**BRIEF**
Pictures excluded, reproduce exactly the lines below from the one with "LED sneakers on" through the one with "머스크의 발표처럼 그록", both included.

[Items from a dataset]
__________________________________________________
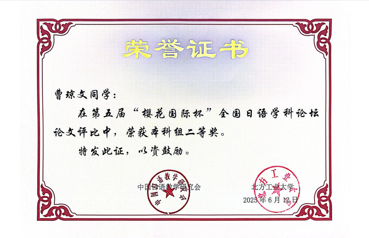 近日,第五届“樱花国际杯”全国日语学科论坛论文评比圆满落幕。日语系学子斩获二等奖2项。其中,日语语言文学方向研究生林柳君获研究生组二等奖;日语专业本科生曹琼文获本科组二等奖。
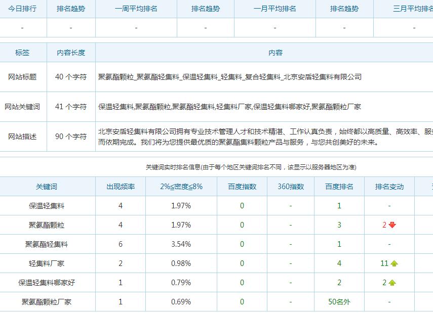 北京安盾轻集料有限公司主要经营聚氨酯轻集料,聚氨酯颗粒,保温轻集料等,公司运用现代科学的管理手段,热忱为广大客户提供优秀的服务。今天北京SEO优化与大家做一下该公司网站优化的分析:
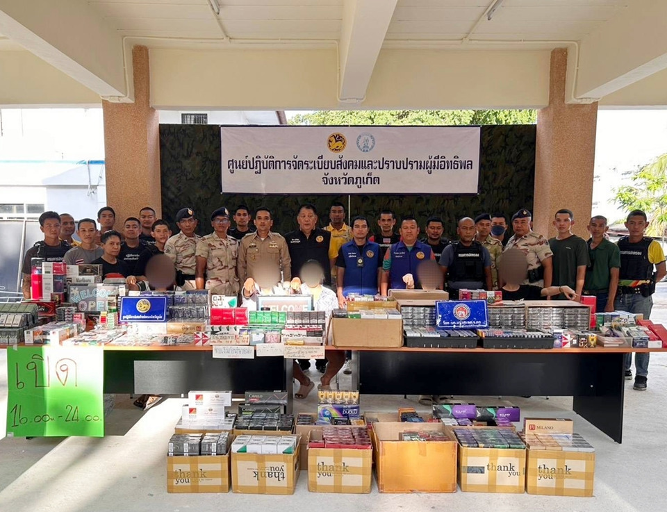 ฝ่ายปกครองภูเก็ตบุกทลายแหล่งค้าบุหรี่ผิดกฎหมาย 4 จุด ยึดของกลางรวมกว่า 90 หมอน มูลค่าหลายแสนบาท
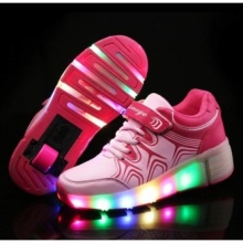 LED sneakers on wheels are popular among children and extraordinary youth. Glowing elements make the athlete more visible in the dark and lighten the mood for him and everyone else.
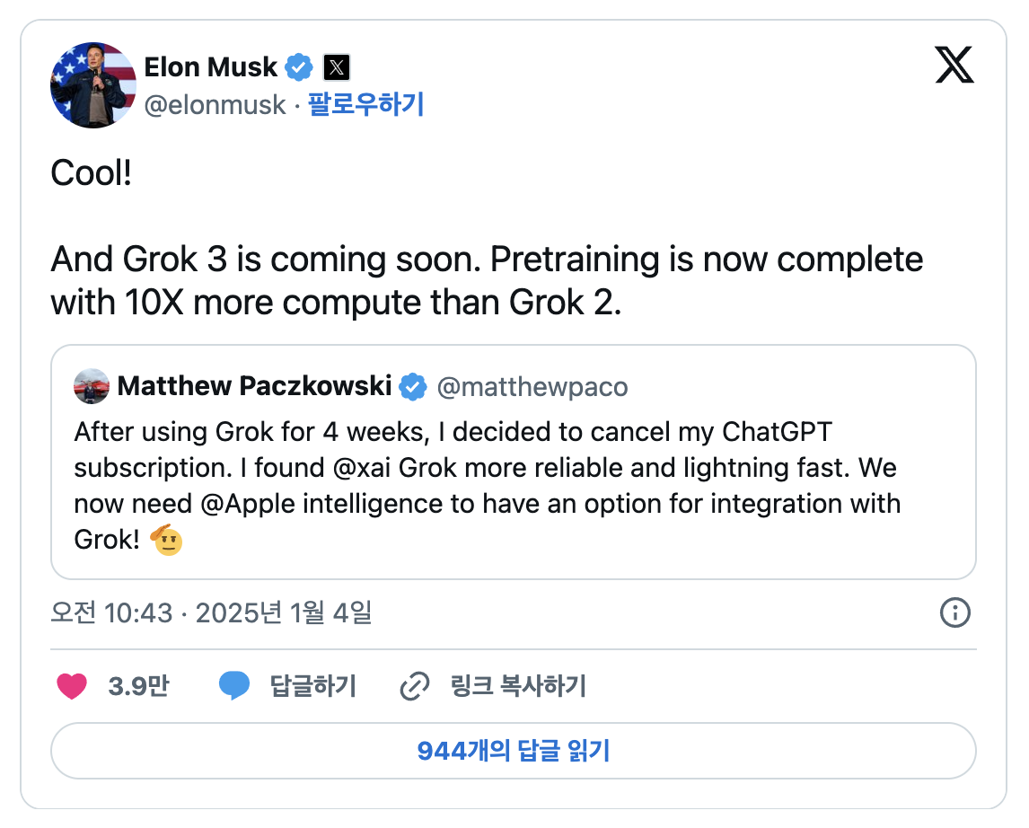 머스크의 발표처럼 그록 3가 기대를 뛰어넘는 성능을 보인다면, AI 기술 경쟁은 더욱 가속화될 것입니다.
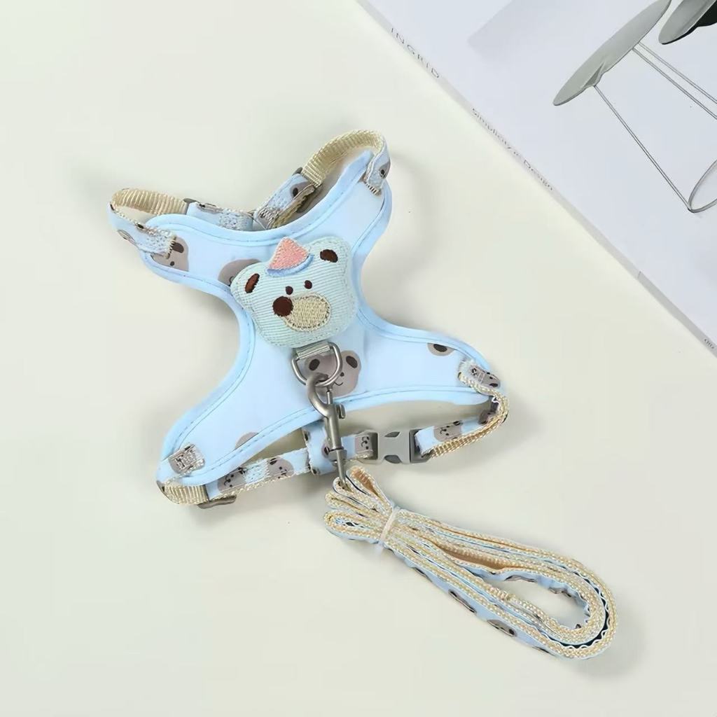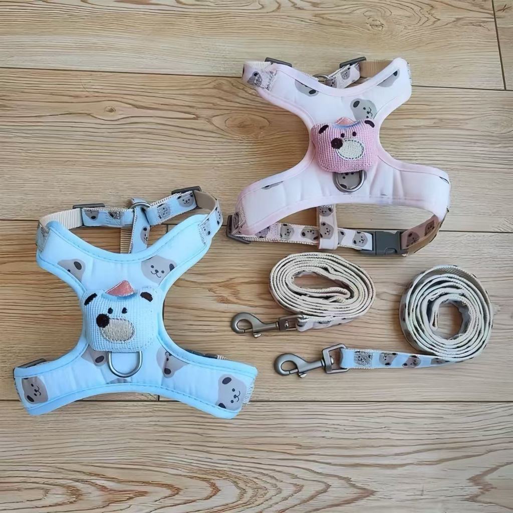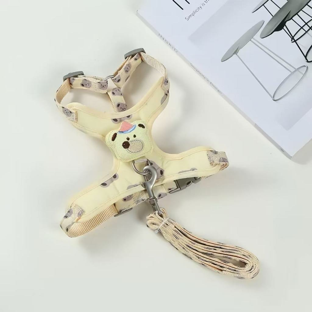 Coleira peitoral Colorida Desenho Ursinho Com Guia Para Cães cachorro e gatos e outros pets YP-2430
__________________________________________________
**WRITTEN RESPONSE**
 LED sneakers on wheels are popular among children and extraordinary youth. Glowing elements make the athlete more visible in the dark and lighten the mood for him and everyone else.
 머스크의 발표처럼 그록 3가 기대를 뛰어넘는 성능을 보인다면, AI 기술 경쟁은 더욱 가속화될 것입니다.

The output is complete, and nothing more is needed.